The result: every produced artifact carries a complete record of how it came to exist, by construction.
What gets recorded
Each producing operation emits one or more artifacts, each linked by derived-from edges to the things it came from. The artifact kinds today:
| Kind | Emitted by (examples) | Typically derived from |
|---|---|---|
order | orders.archive.place, orders.tasking.place | the captures / AOIs it was placed for |
item | uploads.complete, order delivery, processing output | the upload, order, or job that produced it |
asset | asset ingestion | its parent item |
processing_job | processing.create, clip.create_from_item | its input items/assets |
report | reports.generate | the items/analytics it summarised |
share_link | share.link.create | the item or collection it exports |
collection, project | collections.create, projects.create | their parent scope |
For example:
- An archive order is recorded as an
orderartifact derived from each capture it ordered (relation: "ordered"). - A delivered item is recorded as an
itemderived from its order (relation: "delivered_for"). - An uploaded item is an
itemderived from its upload session (relation: "uploaded"). - A clip output is an
itemderived from both the processing job (relation: "produced_by") and the source item it was clipped from.
Chained together, these edges form a walkable graph: a clipped item → the job that made it → the source item → the order that delivered the source → the captures that order bought. Lineage survives even if an upstream source is later archived.
The idempotent no-op
A producing operation that legitimately produces nothing on a given call — e.g. uploads.complete on an already-completed session, or an order placement that returned
a cached result on an idempotent retry — marks itself an idempotent no-op. The seal
contract recognises this and doesn’t demand a fresh emit. So idempotent retries stay
safe and provenance stays honest: a record is written exactly when an artifact is
actually created, and not otherwise.
Why it matters
- Auditability — for any artifact you can answer “where did this come from?” with a record that was written atomically with the artifact, not reconstructed from logs.
- Reproducibility — the inputs an output was derived from are captured, so a result can be traced back to exactly what produced it.

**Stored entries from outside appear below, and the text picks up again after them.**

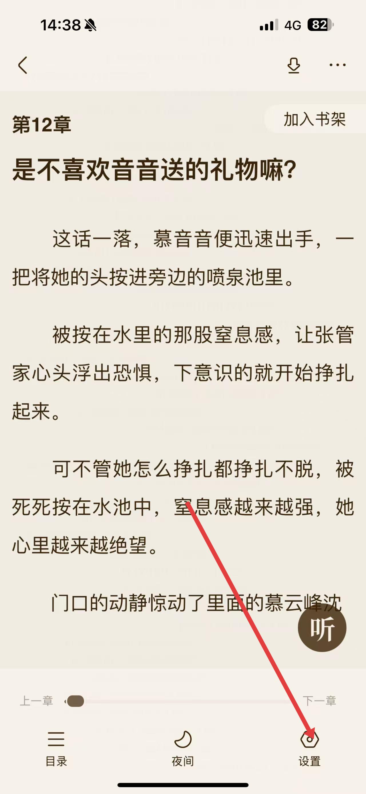 2、在小說(shuō)閱讀頁(yè)面,點(diǎn)擊下方設(shè)置圖標(biāo),進(jìn)入設(shè)置界面。
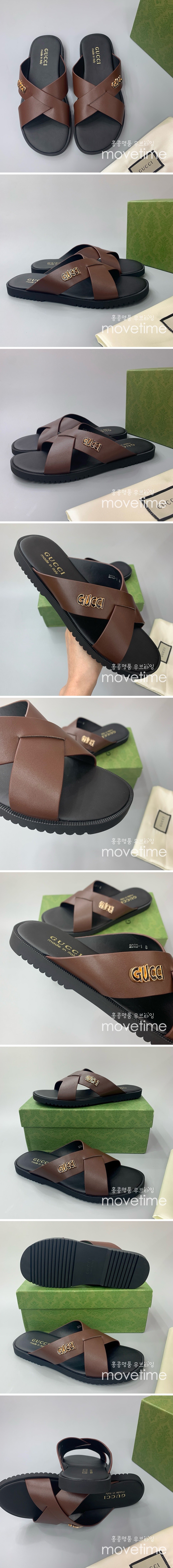 [홍콩명품.Gucci] 구찌 24SS GG 금장 로고 레더 가죽 슬리퍼 (브라운), SE2808, PMD, 명품스니커즈,운동화,구두,로퍼,하이탑,신발 요약정보 및 구매
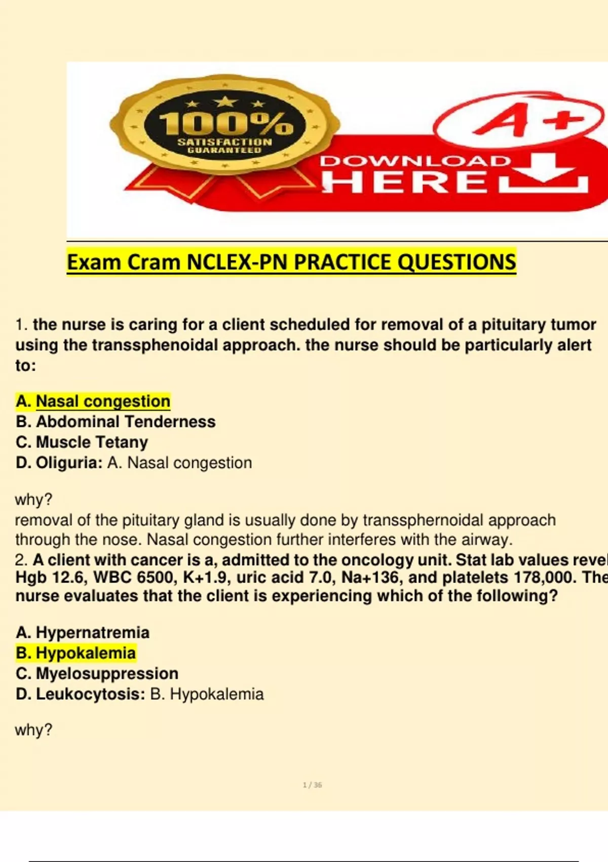 1. the nurse is caring for a client scheduled for removal of a pituitary tumor
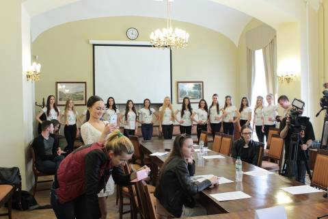 "Телефони не забудьте виключити! Переключіть на беззвучний режим – не вібро, а беззвучний!" – чуються останні інструкції, а тоді до малої сесійної зали ЛЬвівської міськради починають одна за одною заходити юні дівчата та представляти себе присутнім.
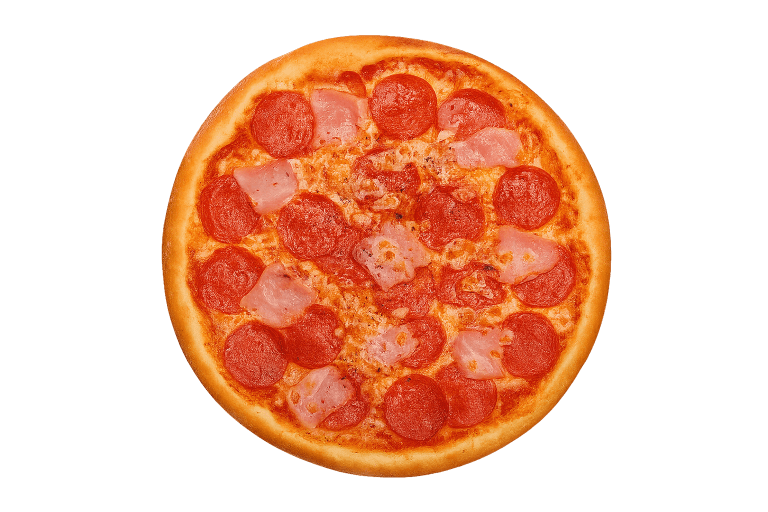 Состав: тесто, соус томатный, масло чесночное, сыр моцарелла, ветчина, поми...
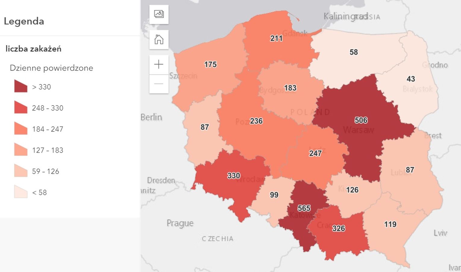 Dzisiaj w naszym województwie odnotowano nieco niższą na tle w kraju liczbę zakażeń na 10 tys. mieszkańców. Współczynnik ten wynosi . W związku z tym nasze województwo na mapie zakażeń jest zaznaczone nieco jaśniejszym kolorem.
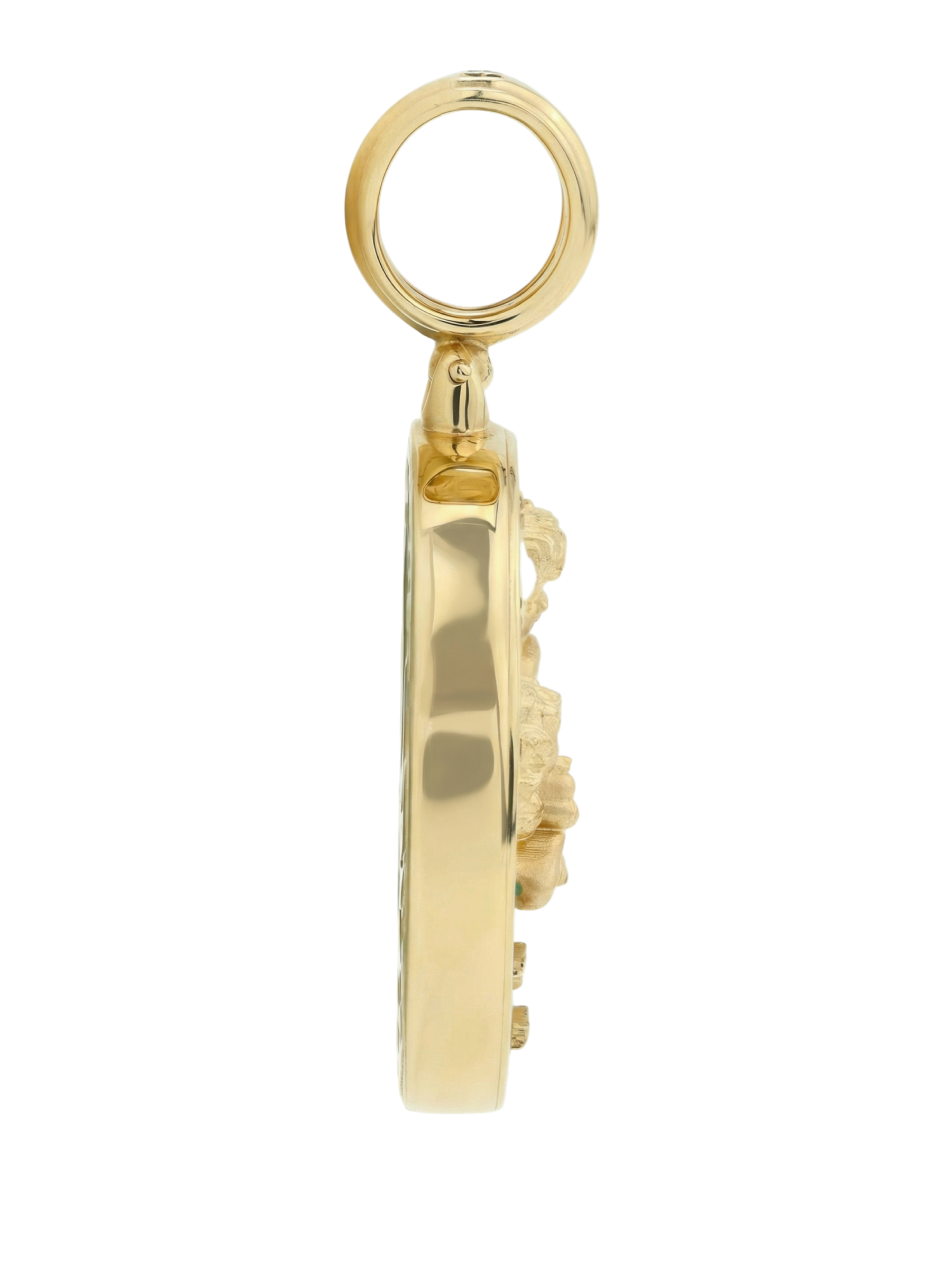 Изысканная подвеска из лимонного золота 585 пробы — это воплощение нежности и художественного мастерства, которое подчеркнет ваш тонкий вкус. Украшение принадлежит коллекции De luxe Premium — Амуры и притягивает взгляд своей оригинальной композицией. Дизайн изделия выполнен в форме круга, внутри которого размещены детализированные фигурки купидонов, парящих в небесной выси.

- Trust across clients — because the guarantee lives in the kernel, it holds no matter who called the operation: the portal, an SDK, an AI agent, or a worker registering its job’s outputs all produce the same complete lineage.
Integrity of the record
The provenance store is written through a privileged, security-defined path: operations emit through the kernel, which writes the artifact and its edges atomically; application roles cannot write provenance rows directly. So the lineage graph reflects what the governed operations actually did — it can’t be forged by a client that bypasses the emit path, because there is no such path.
Reading lineage
Walk the graph over the API with provenance.get (scope provenance:read):
curl -s -X POST https://api.geopera.com/v1/op/provenance.get \
-H "Authorization: Bearer $TOKEN" \
-H "Content-Type: application/json" \
-d '{ "entity_type": "item", "entity_id": "it_3a9c...", "direction": "up", "max_depth": 20 }'{
"root": { "entity_type": "item", "entity_id": "it_3a9c..." },
"direction": "up",
"edges": [
{ "depth": 1, "src_type": "item", "src_id": "it_src...", "dst_type": "item", "dst_id": "it_3a9c...", "relation": "duplicated_from", "invocation_id": "..." }
],
"nodes": [ { "entity_type": "item", "entity_id": "it_3a9c...", "depth": 0 }, { "entity_type": "item", "entity_id": "it_src...", "depth": 1 } ]
}direction—up(ancestors: “how was this produced?”),down(descendants: “what came from this?”), orboth.max_depthbounds the walk (1–50).- Supported root types:
item,order,processing_job,collection,project. - Org-scoped: you can only read lineage for a root your organization owns — a
cross-org or unknown root returns
404(no existence leak), exactly like every other read.